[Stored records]
%%

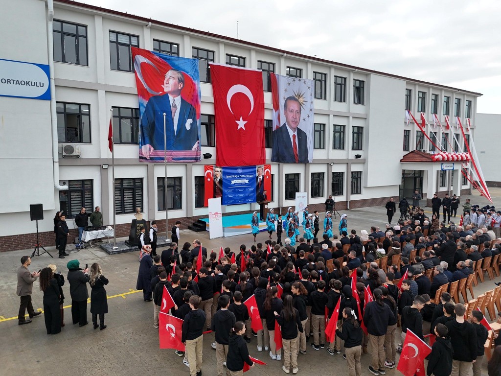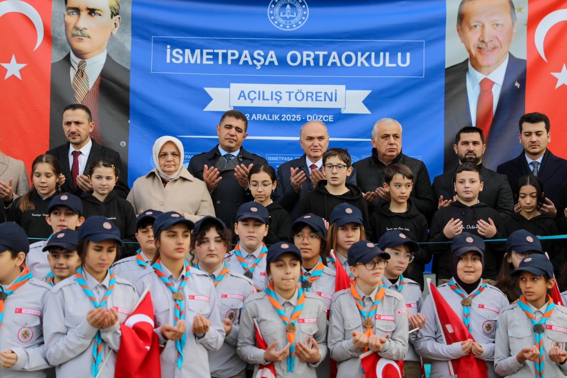 Düzce'de öğrencilerin daha iyi ve güvenli bir alanda eğitim görebilmesi amacıyla şehir merkezinde bulunan İsmetpaşa Ortaokulu'nun yeni taşındığı binası yapılan törenle eğitim öğretime açıldı.
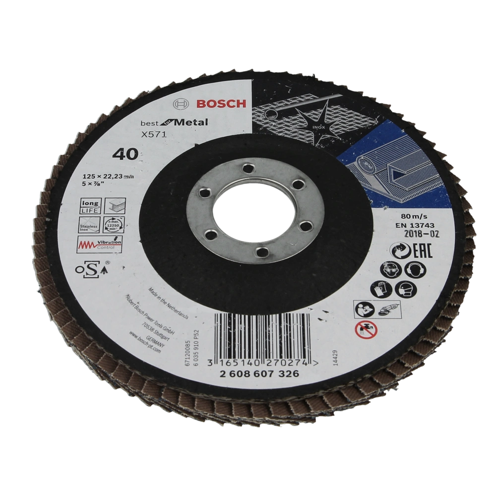 Fächerschleifscheibe in gerader Ausführung für Flächenschliff und Schweißnahtbearbeitung mit Anstellwinkel 5 - 15°. Die robuste und verschleißfeste Scheibe ist für Edelstahl, Stahl, Gusseisen und Stahlblech geeignet.
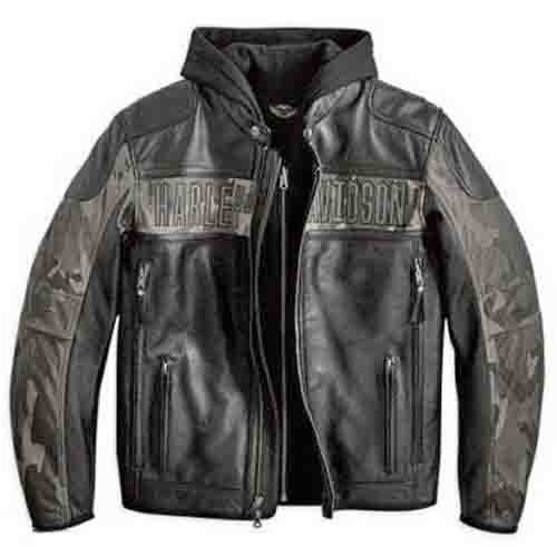 Harley-Davidson® Men's Authority 3-in-1 Leather Jacket-LIMITED EDITION. Midweight leather featuring custom-dyed camouflage leather. 3-in-1 styling. Snap-tab mandarin collar. Front and back vertical vents. Two-way zipper cuff vents. Body armor pockets at shoulders and elbows fit FXRG® lightweight body armor. 100% polyester mesh fixed lining. Removable hooded cotton jersey vest can be worn separately or under the jacket for extra warmth. Two-way zipper front. Action back. Zipper cuffs. Pre-curved sleeves. Two zipper hand-warmer pockets and two inside pockets on leather jacket. Two hand-warmer pockets on removable vest. Custom hardware. Reflective appliqué graphics on front and reflective Bar & Shield logo appliqué on back of leather jacket. 97114-09VM
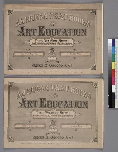 Two drawing books entitled American Text Books of Art Education: Model and Object Drawing, Number One and Number Two, by Walter Smith, published by L. Prang & Company, Boston, 1875. There are two copies of Number One; one is issued separately, the other bound together with Number Two. This "double issue" has an additional plain paper cover, with a Prang ownership stamp in the upper right-hand corner. On the inside of this additional cover is an ink stamp reading: "Royal B. Farnum, Director Art Education, State of Massachusetts", with "7/6/28" written in ms., in ink, below it. Each of the books is 20 pages in length, and contain numbered exercises. Each exercise is comprised of instructional text, a lithograph image for copying, and space for copying. The books have not been completed by previous owners. Some of the objects and models pictured in the books include: fruit and vegetables, drinking vessels of various kinds, seashells, chairs and geometrical solid forms. On the inside of each of the front covers are directions and instructions for using the books; on the inside of the back covers are illustrated names and definitions of the shapes and forms used throughout, and an advertisement for wooden drawing models. On the back covers are publisher's advertisements for other Smith books.
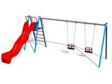 Leagăn cu lanț cu două locuri cu un tobogan RH6253K - metal (înălțime liberă 1 m) - oferim trei variante de culori pentru structura de susținere - roșu, albastru și maro. Mai multe informaţii
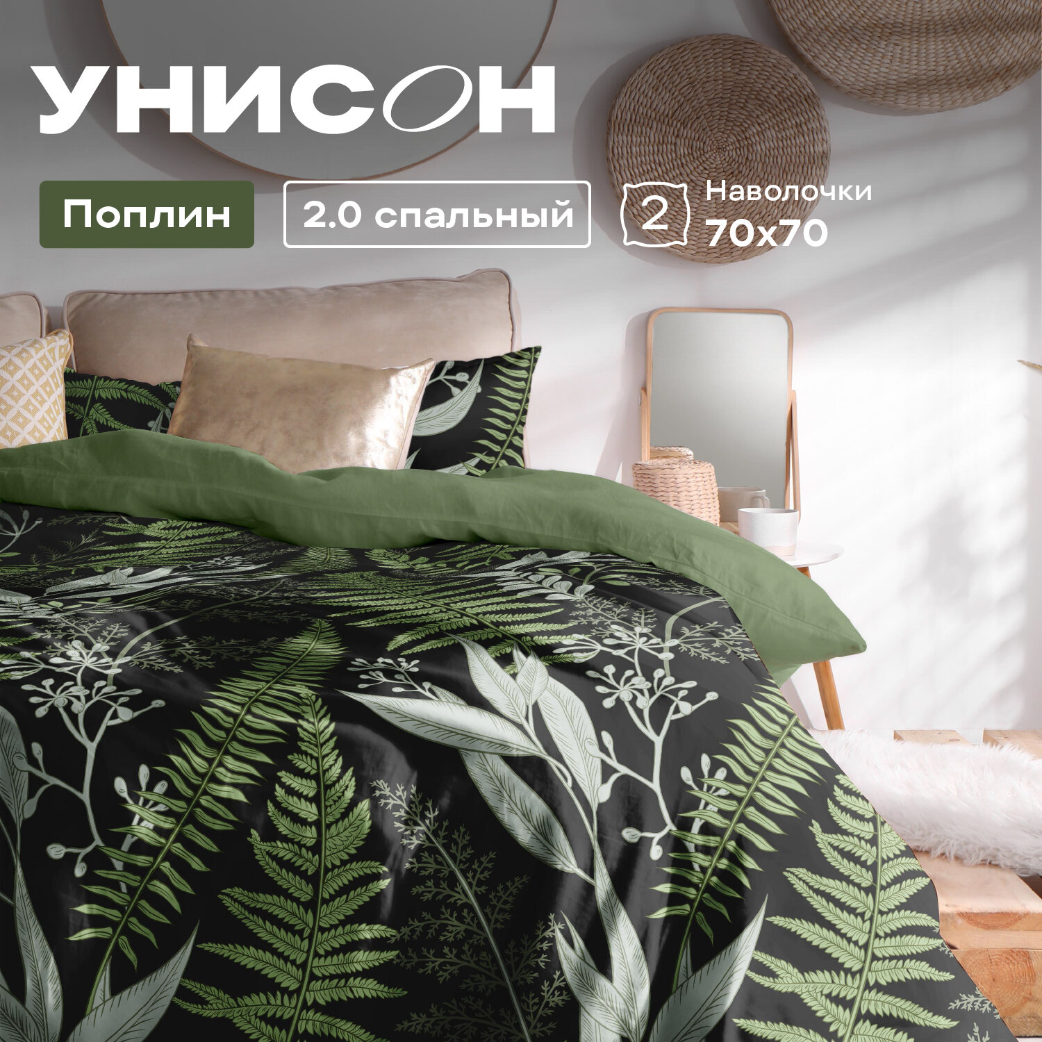 10 цен на Постельное белье 2 спальное Унисон, Поплин, нав. 70х70, Night Fern
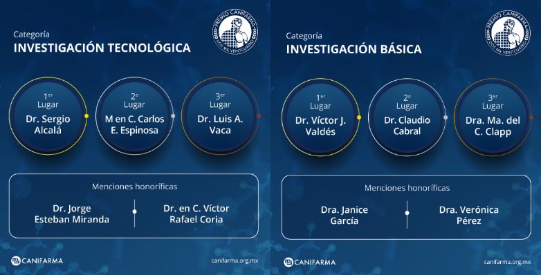 Esta presea es el reconocimiento al esfuerzo e importante labor que realiza la comunidad científica en beneficio de la salud de la población mexicana; se evaluaron 44 trabajos y los galardonados son:
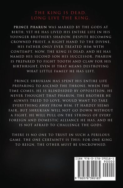 The king is dead. Long live the king. Prince Pharun was marked by the gods at birth, yet he has lived his entire life in his younger brother's shadow. Despite becoming Crowned Priest, a right hand to the divine, his father only ever treated him with contempt. Now, the king is dead, and he has named his second son his successor. Pharun is prepared to fight tooth and claw for his birthright, even if that means destroying what little family he has left. Prince Shrukian has spent his entire life preparing to ascend the throne. When the time comes, he is blindsided by opposition. He never thought that Pharun, the brother he always tried to love, would want to take everything away from him. It hardly seems fair, but Shrukian will not go down without a fight. He will pull on the strings of every foreign and domestic alliance he has, and he is not afraid to challenge the gods. There is no one to trust in such a perilous game. The one certainty is this; for one king to reign, the other must be uncrowned.
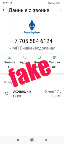 «МП «Бишкекводоканал» никогда не запрашивает по телефону данные банковских карт, пароли, коды подтверждения и другую конфиденциальную информацию. При получении любого подозрительного звонка рекомендуем немедленно завершить разговор и связаться с официальными справочными службами предприятия», — говорится в сообщении.
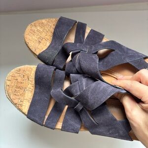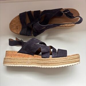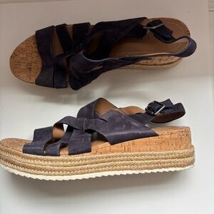 Trask Sandals Women's Blue Suede Leather Platform Espadrilles, Size US11M
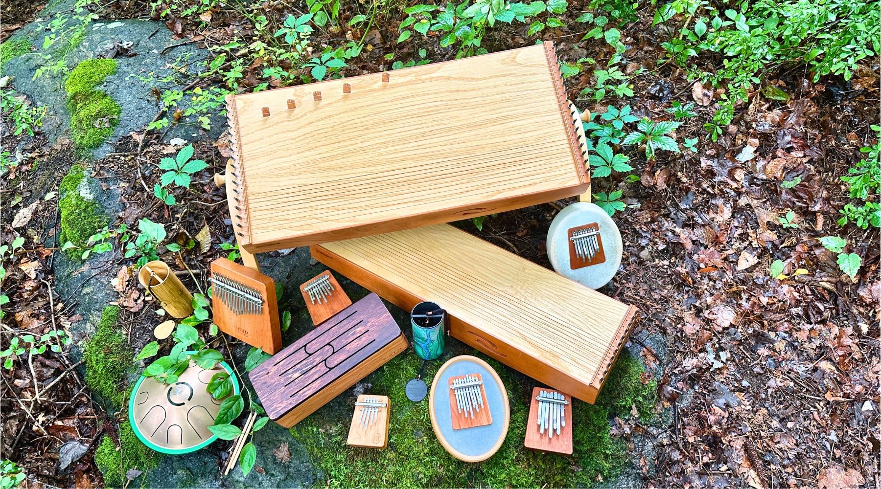 ELEMENTAL SOUNDSCAPES are collections of our instruments that are made to match each other with different musical chords in elemental themes. Instruments include Monochords and Tinka Tongs (Wooden Tongue Drums) by feeltone, Kalimbas and Sansulas by Hokema Kalimbas, Koshi and Zaphir chimes and Kigonki Binaural Tongue-Gong Drums. Click the images for more information, pricing and ordering. Photo credits to Joule L’Adara.
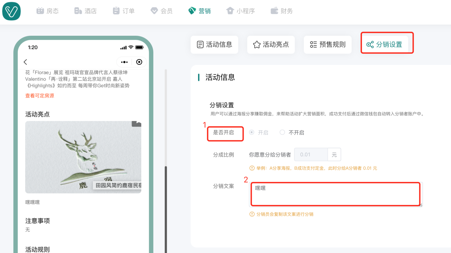 - 分销功能开启按钮:当我们创建活动时【开启】分销活动,则后期可以更改为【不开启】
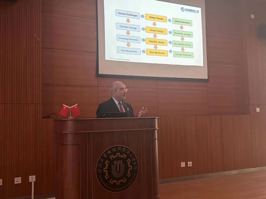 第一部分,教授首先讲述自己的经历,从德国到中国青岛再到上海和同济,因为这段经历,教授对于全球化的问题和挑战有着深刻而独特的见解。他将目前面临的全球挑战归结为三个,分别是全球气候变化、持续增加的人口和日益减少的资源。为应对这些问题,我们需要发展绿色能源,比如大力发展氢能等可持续清洁能源。更多的人口带来更繁重的交通压力,越来越多的车辆又加重污染的排放,因此我们需要更先进和清洁的交通工具。随着科技和生活的进步,工业消耗的不可再生资源日益增多,因此我们需要尽可能的节约资源,不断推进循环经济的发展。
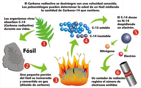 La Datación mediante carbono 14 es un método empleado para determinar la antigüedad de restos formados por materia orgánica.
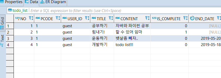 insert into TODO_LIST(PCODE, USER_ID, TITLE, CONTENT, IS_COMPLETE, END_DATE) values('1', 'guest', '개발하기', 'todo list!!!', false, '2019-05-18');
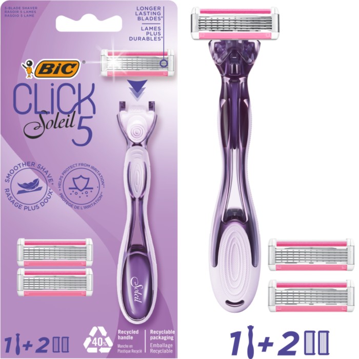 Detta set från BIC innehåller 1 st Click Soleil handtag och 2 st refillrakblad.

%%

Leave out the pictures and copy every record above exactly.

Response below:
 Düzce'de öğrencilerin daha iyi ve güvenli bir alanda eğitim görebilmesi amacıyla şehir merkezinde bulunan İsmetpaşa Ortaokulu'nun yeni taşındığı binası yapılan törenle eğitim öğretime açıldı.
 Fächerschleifscheibe in gerader Ausführung für Flächenschliff und Schweißnahtbearbeitung mit Anstellwinkel 5 - 15°. Die robuste und verschleißfeste Scheibe ist für Edelstahl, Stahl, Gusseisen und Stahlblech geeignet.
 Harley-Davidson® Men's Authority 3-in-1 Leather Jacket-LIMITED EDITION. Midweight leather featuring custom-dyed camouflage leather. 3-in-1 styling. Snap-tab mandarin collar. Front and back vertical vents. Two-way zipper cuff vents. Body armor pockets at shoulders and elbows fit FXRG® lightweight body armor. 100% polyester mesh fixed lining. Removable hooded cotton jersey vest can be worn separately or under the jacket for extra warmth. Two-way zipper front. Action back. Zipper cuffs. Pre-curved sleeves. Two zipper hand-warmer pockets and two inside pockets on leather jacket. Two hand-warmer pockets on removable vest. Custom hardware. Reflective appliqué graphics on front and reflective Bar & Shield logo appliqué on back of leather jacket. 97114-09VM
 Two drawing books entitled American Text Books of Art Education: Model and Object Drawing, Number One and Number Two, by Walter Smith, published by L. Prang & Company, Boston, 1875. There are two copies of Number One; one is issued separately, the other bound together with Number Two. This "double issue" has an additional plain paper cover, with a Prang ownership stamp in the upper right-hand corner. On the inside of this additional cover is an ink stamp reading: "Royal B. Farnum, Director Art Education, State of Massachusetts", with "7/6/28" written in ms., in ink, below it. Each of the books is 20 pages in length, and contain numbered exercises. Each exercise is comprised of instructional text, a lithograph image for copying, and space for copying. The books have not been completed by previous owners. Some of the objects and models pictured in the books include: fruit and vegetables, drinking vessels of various kinds, seashells, chairs and geometrical solid forms. On the inside of each of the front covers are directions and instructions for using the books; on the inside of the back covers are illustrated names and definitions of the shapes and forms used throughout, and an advertisement for wooden drawing models. On the back covers are publisher's advertisements for other Smith books.
 Leagăn cu lanț cu două locuri cu un tobogan RH6253K - metal (înălțime liberă 1 m) - oferim trei variante de culori pentru structura de susținere - roșu, albastru și maro. Mai multe informaţii
 10 цен на Постельное белье 2 спальное Унисон, Поплин, нав. 70х70, Night Fern
 Esta presea es el reconocimiento al esfuerzo e importante labor que realiza la comunidad científica en beneficio de la salud de la población mexicana; se evaluaron 44 trabajos y los galardonados son:
 The king is dead. Long live the king. Prince Pharun was marked by the gods at birth, yet he has lived his entire life in his younger brother's shadow. Despite becoming Crowned Priest, a right hand to the divine, his father only ever treated him with contempt. Now, the king is dead, and he has named his second son his successor. Pharun is prepared to fight tooth and claw for his birthright, even if that means destroying what little family he has left. Prince Shrukian has spent his entire life preparing to ascend the throne. When the time comes, he is blindsided by opposition. He never thought that Pharun, the brother he always tried to love, would want to take everything away from him. It hardly seems fair, but Shrukian will not go down without a fight. He will pull on the strings of every foreign and domestic alliance he has, and he is not afraid to challenge the gods. There is no one to trust in such a perilous game. The one certainty is this; for one king to reign, the other must be uncrowned.
 «МП «Бишкекводоканал» никогда не запрашивает по телефону данные банковских карт, пароли, коды подтверждения и другую конфиденциальную информацию. При получении любого подозрительного звонка рекомендуем немедленно завершить разговор и связаться с официальными справочными службами предприятия», — говорится в сообщении.
 Trask Sandals Women's Blue Suede Leather Platform Espadrilles, Size US11M
 ELEMENTAL SOUNDSCAPES are collections of our instruments that are made to match each other with different musical chords in elemental themes. Instruments include Monochords and Tinka Tongs (Wooden Tongue Drums) by feeltone, Kalimbas and Sansulas by Hokema Kalimbas, Koshi and Zaphir chimes and Kigonki Binaural Tongue-Gong Drums. Click the images for more information, pricing and ordering. Photo credits to Joule L’Adara.
 - 分销功能开启按钮:当我们创建活动时【开启】分销活动,则后期可以更改为【不开启】
 第一部分,教授首先讲述自己的经历,从德国到中国青岛再到上海和同济,因为这段经历,教授对于全球化的问题和挑战有着深刻而独特的见解。他将目前面临的全球挑战归结为三个,分别是全球气候变化、持续增加的人口和日益减少的资源。为应对这些问题,我们需要发展绿色能源,比如大力发展氢能等可持续清洁能源。更多的人口带来更繁重的交通压力,越来越多的车辆又加重污染的排放,因此我们需要更先进和清洁的交通工具。随着科技和生活的进步,工业消耗的不可再生资源日益增多,因此我们需要尽可能的节约资源,不断推进循环经济的发展。
 La Datación mediante carbono 14 es un método empleado para determinar la antigüedad de restos formados por materia orgánica.
 insert into TODO_LIST(PCODE, USER_ID, TITLE, CONTENT, IS_COMPLETE, END_DATE) values('1', 'guest', '개발하기', 'todo list!!!', false, '2019-05-18');
 Detta set från BIC innehåller 1 st Click Soleil handtag och 2 st refillrakblad.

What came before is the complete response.